* [SUPPLIED DATA]
⟨

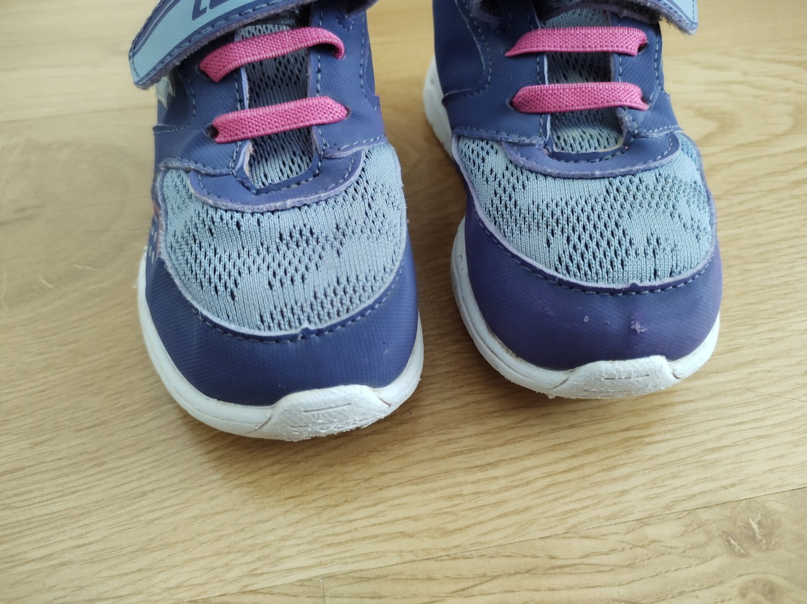 Fialové tenistky, na ľavej spredu mierne šuchnutá špička, inak bez poškodení.
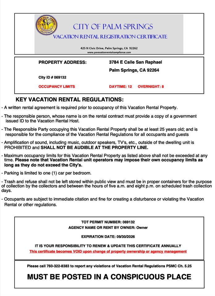 * **Pet-Friendly**: We are happy to welcome your furry friends to the Pop Art Oasis! Please let us know about your pet when booking. * **Pool & Spa Heating**: To ensure a comfortable and carefree stay, complimentary heating for both the pool and spa is included with your booking. * **City Registration**: City of Palm Springs Registration Number: 069132
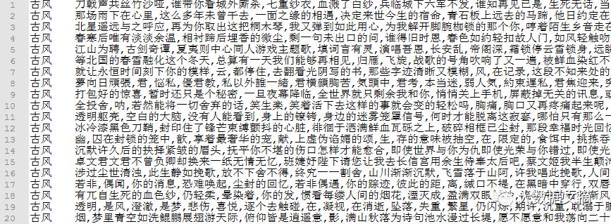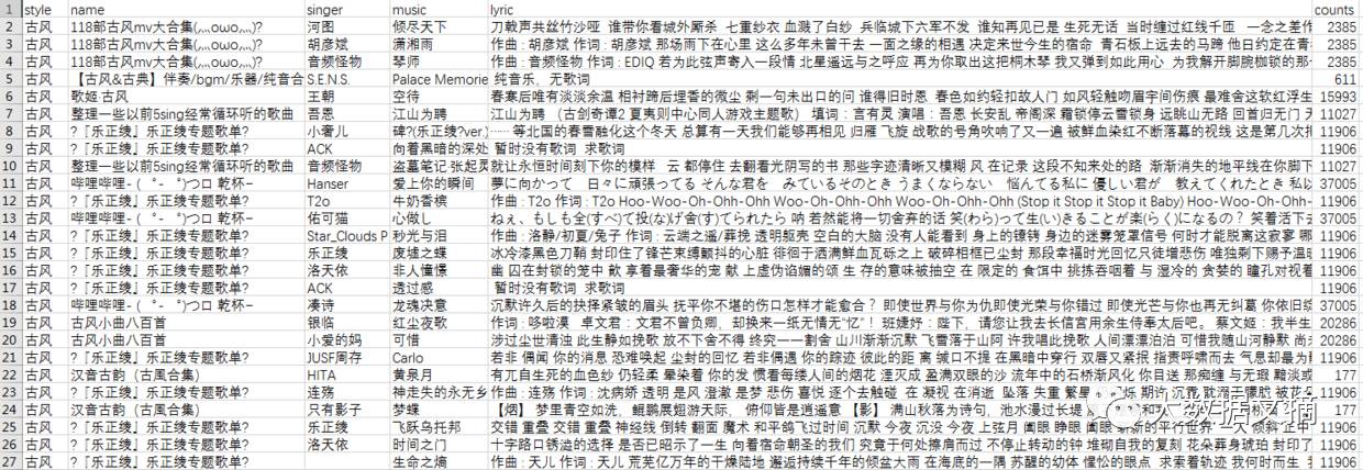 这样我们数据提取的过程就结束了,我们得到了一个.csv格式的文件输出,其中每一行就是一首歌及该歌曲的相应信息。部分截图如下:
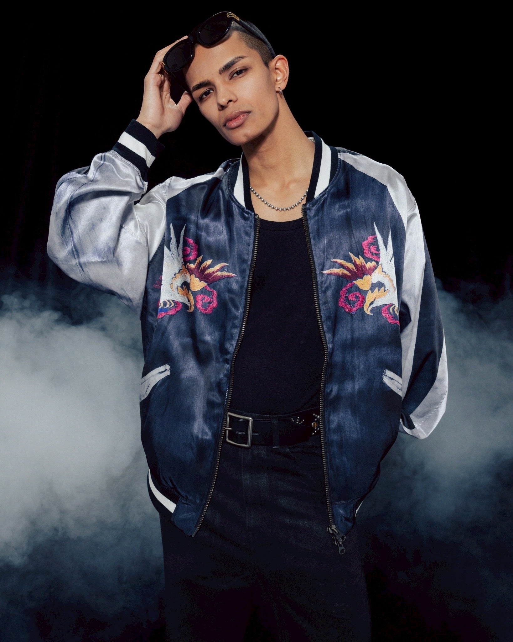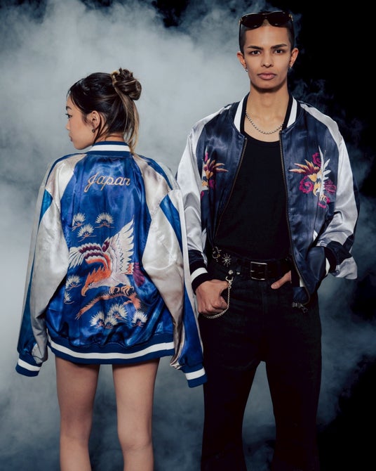 特徴的な手作業での刺繍を鮮明にプリントする為、グラフィック上で、刺繍糸一本一本を画像で処理しリアルさを追求。素材はVINTAGEのサテンスカジャンよりも厚みの薄い物を採用。シルエットはVINTAGEにはないゆとりのあるサイズ感とドレープの効いたデザインが現代のシーンにマッチしたアイテムとなっています。
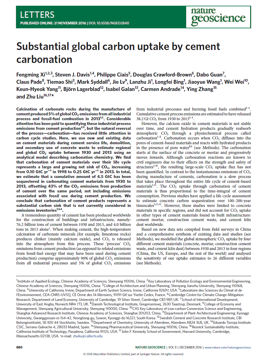 相關論文《Substantial global carbon uptake by cement carbonation》發(fā)表在Nature子刊Nature Geoscience上
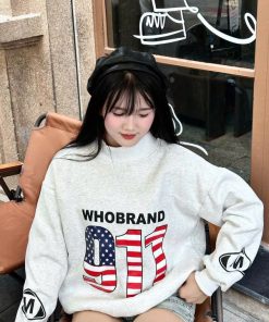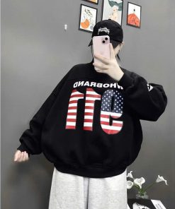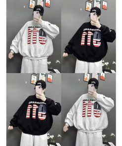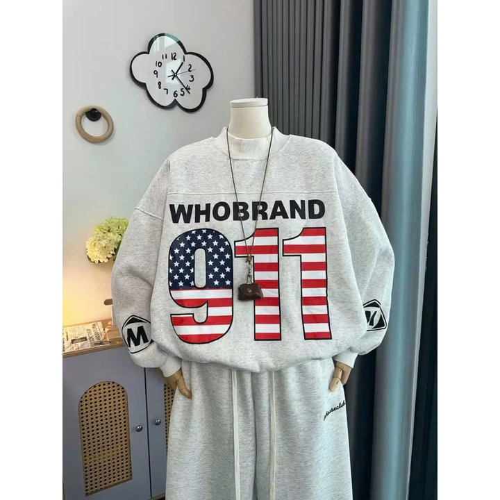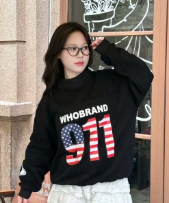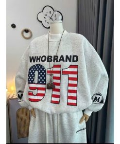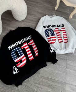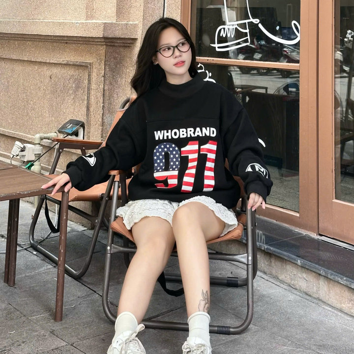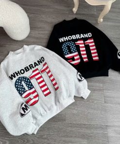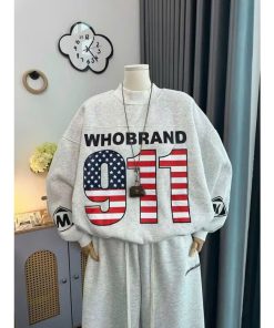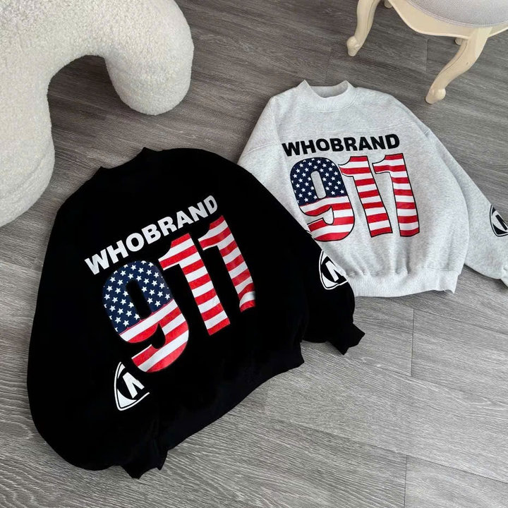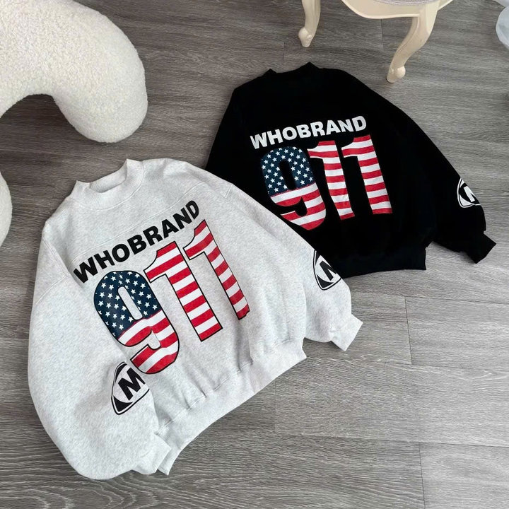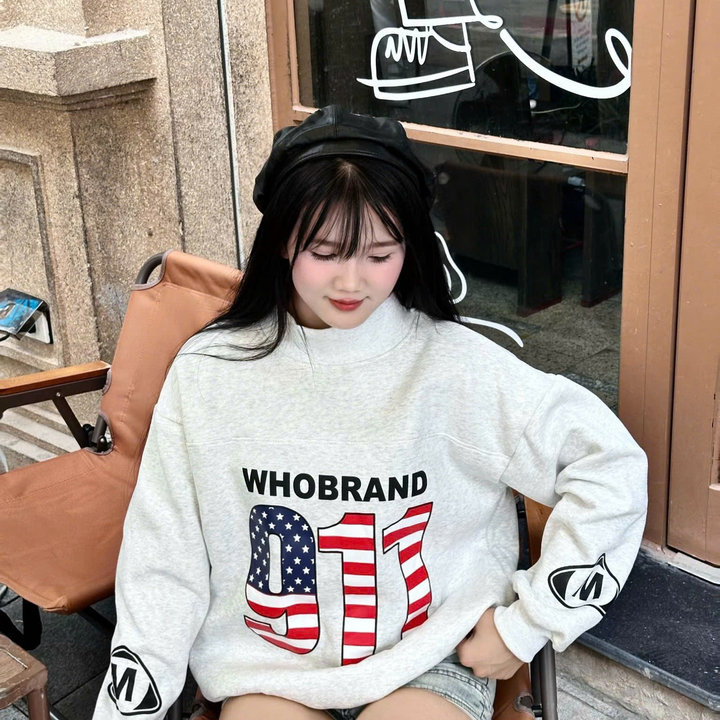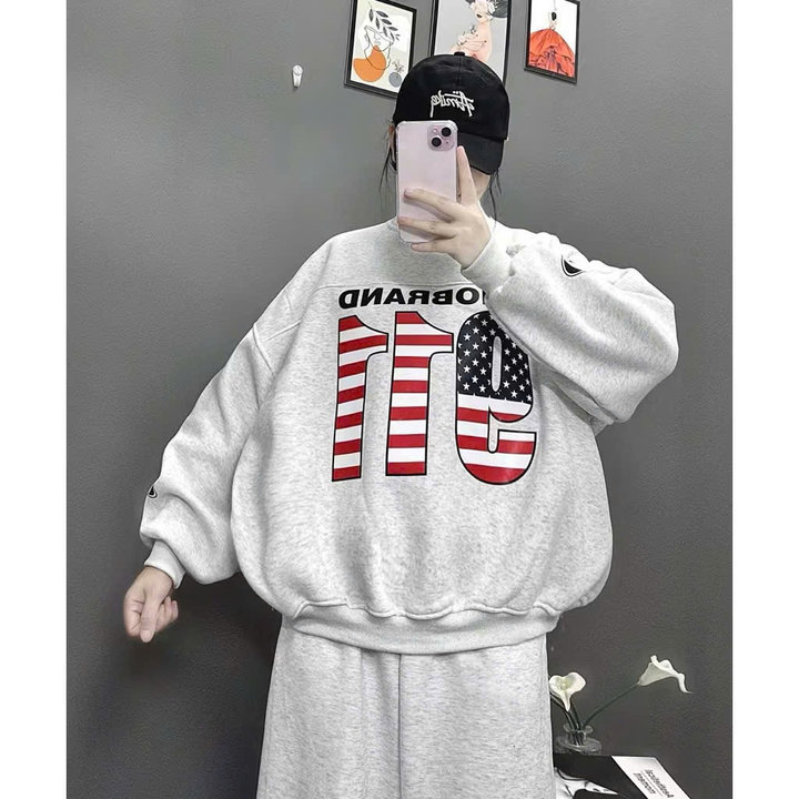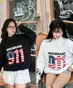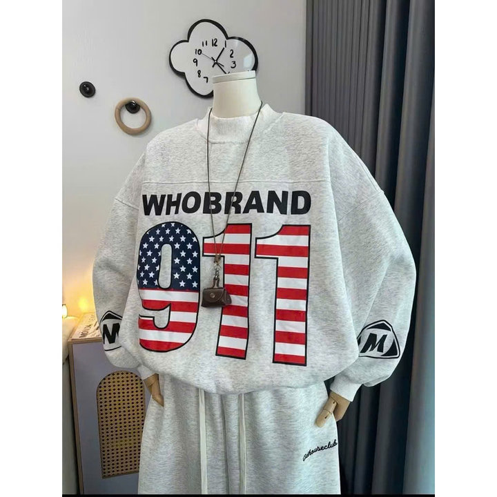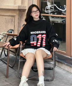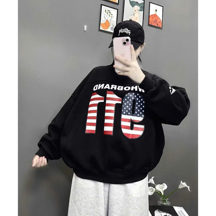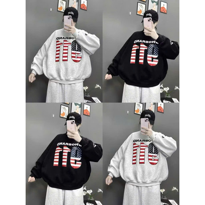 Tên sản phẩm: ÁO SWEATER VẢI NỈ BÔNG CỔ TRÒN IN NỔI SỐ 911 SỌC CỜ FORM BOXY TAY PHỒNG UNISEX NAM NỮ TP79 – GOLDEN DREAM
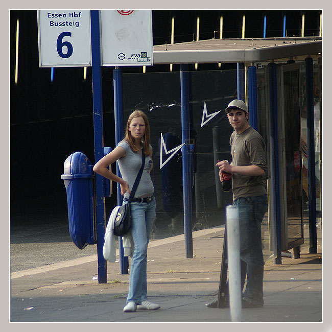 . Стрелочки я не рисовал, это стелянная стенка остановки позади героев такая...
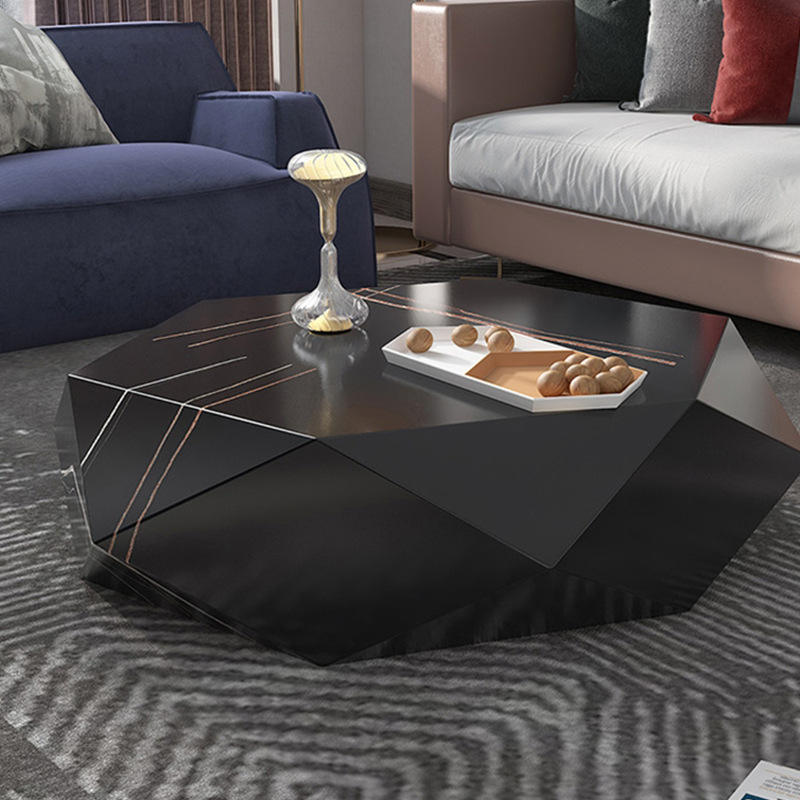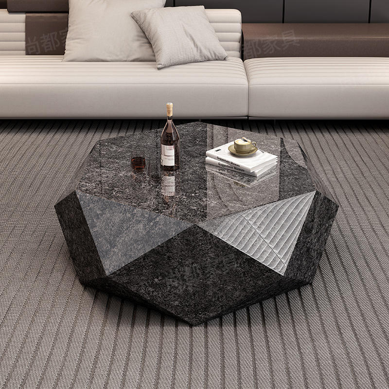 Oem Factory Custom Sculptural Shape Diamond Rhombus Sintered Marble Stone Slate Coffee Table for Living Room

⟩

* [PROBLEM TO WORK ON]
All the lines above should be reproduced exactly, and none of the pictures.

* [RESPONSE]
 Fialové tenistky, na ľavej spredu mierne šuchnutá špička, inak bez poškodení.
 * **Pet-Friendly**: We are happy to welcome your furry friends to the Pop Art Oasis! Please let us know about your pet when booking. * **Pool & Spa Heating**: To ensure a comfortable and carefree stay, complimentary heating for both the pool and spa is included with your booking. * **City Registration**: City of Palm Springs Registration Number: 069132
 这样我们数据提取的过程就结束了,我们得到了一个.csv格式的文件输出,其中每一行就是一首歌及该歌曲的相应信息。部分截图如下:
 特徴的な手作業での刺繍を鮮明にプリントする為、グラフィック上で、刺繍糸一本一本を画像で処理しリアルさを追求。素材はVINTAGEのサテンスカジャンよりも厚みの薄い物を採用。シルエットはVINTAGEにはないゆとりのあるサイズ感とドレープの効いたデザインが現代のシーンにマッチしたアイテムとなっています。
 相關論文《Substantial global carbon uptake by cement carbonation》發(fā)表在Nature子刊Nature Geoscience上
 Tên sản phẩm: ÁO SWEATER VẢI NỈ BÔNG CỔ TRÒN IN NỔI SỐ 911 SỌC CỜ FORM BOXY TAY PHỒNG UNISEX NAM NỮ TP79 – GOLDEN DREAM
 . Стрелочки я не рисовал, это стелянная стенка остановки позади героев такая...
 Oem Factory Custom Sculptural Shape Diamond Rhombus Sintered Marble Stone Slate Coffee Table for Living Room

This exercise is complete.